Warning airfares and flight cancellations are set to soar | World | News
Aviation industry insiders fear flight cancellations and airfares are both set to soar next year.
They say a severe shortage of plane engines and spare aviation parts is causing a crisis.
Airlines – including British Airways and Virgin Atlantic – have already been forced to ground planes due to a Rolls Royce Trent 1000 engine shortage.
The situation is already causing a spike in airfares as airline competition narrows.
And industry insiders say flight cancellations linked to supply chain issues will peak next year.
Last month BA, removed 200,000 seats from the available capacity between the UK and southeast Asia this winter, in a move it blamed on “delays to the delivery of engines and parts from Rolls-Royce”.
This included its cancelling the resumption of daily flights between Heathrow and Kuala Lumpur.
Earlier this month, it also cut routes to Routes to Kuwait and Bahrain.
It is also halting more than 100 long-haul flights from London Gatwick to New York.
A BA spokesperson said: “We’re disappointed that we’ve had to make further changes to our schedule as we continue to experience delays to the delivery of engines and parts from Rolls-Royce.”

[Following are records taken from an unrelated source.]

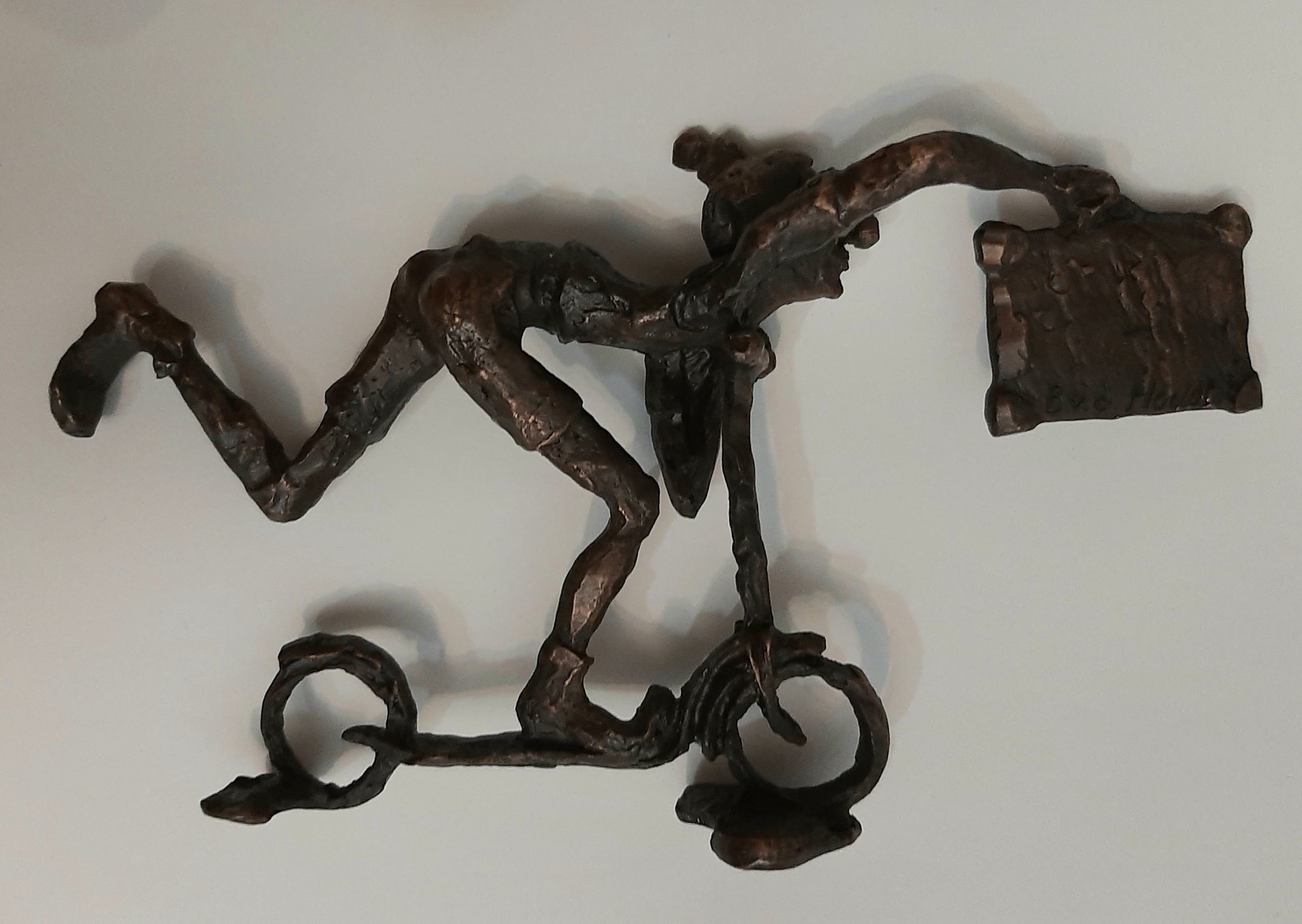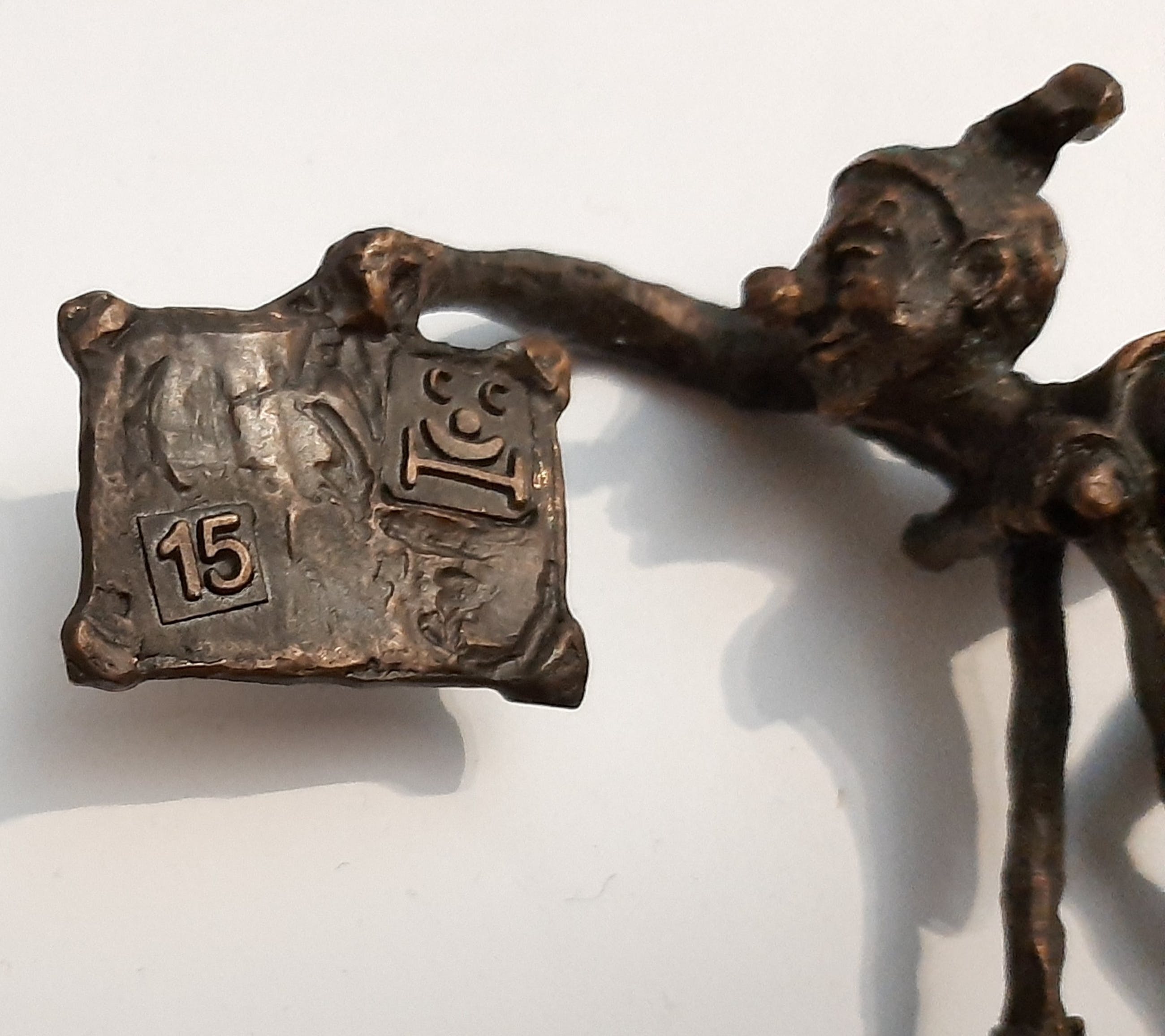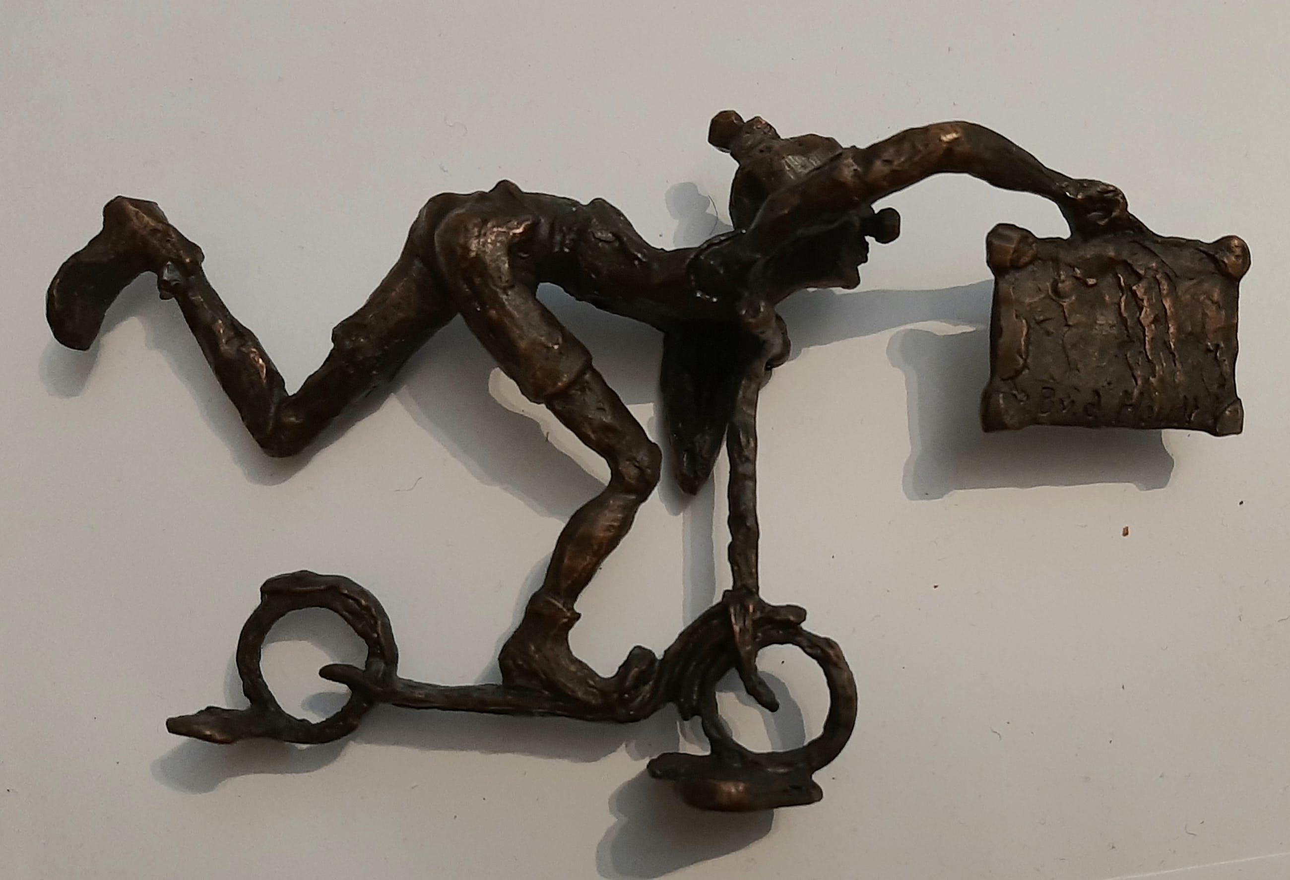 Bronzen beeld van een clown op een step. Gesigneerd door Brigitte van den Houdt. Dit object wordt zorgvuldig verpakt en verzonden.
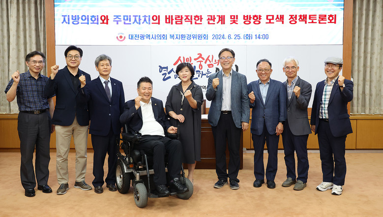 [대전 세계타임즈=이채봉 기자] 대전시의회 복지환경위원회는 안경자 의원(국민의힘, 비례) 주재로 25일 14시 대전시의회 소통실에서 ‘지방의회와 주민자치의 바람직한 관계 및 방향 모색 정책토론회’를 개최했다.
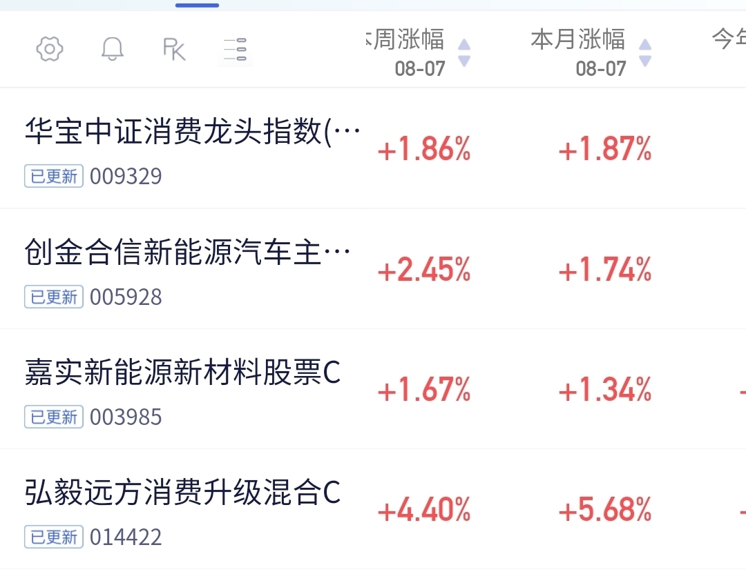 弘毅远方消费升级本周涨幅4.40%,本月涨幅5.68%,比其他同类消费基金还多涨几个点,我继续关注了!

Virgin Atlantic also blamed Rolls-Royce shortages after it postponed plans to reume flighst beteen London and Accra in Ghana and Tel Aviv in Israel until next winter.
Paul Charles is a former director of communications at Virgin Atlantic and is now CEO at The PC Agency. He told The Indpendent that the engine supply issues have “caused massive problems for airlines and consumers”.
He said: “Airline planning teams have had to rewrite their rulebooks on how they use their fleet on the most popular destinations that they need to protect – and gamble on which routes will pay the price and be deleted from their networks.”
He warned that airfares will continue to rise – and that 2025 will see “record fares on many routes”.
The shortage are understood to be a hangover from the Covid-19 pandemic, when manufacturers scaled back production as demand for precision-engineered components dwindled. One analyst told The Independent the supply chain issues could take “years” to resolve.
A spokesperson for Rolls-Royce said: “We continue to work with all our customers to minimise the impact of the limited availability of spare parts.
“We have been taking decisive action and moving quickly to prioritise the resources needed to reduce the impact created by the current industry-wide supply chain constraints, it’s the highest priority for our Civil Aerospace division.”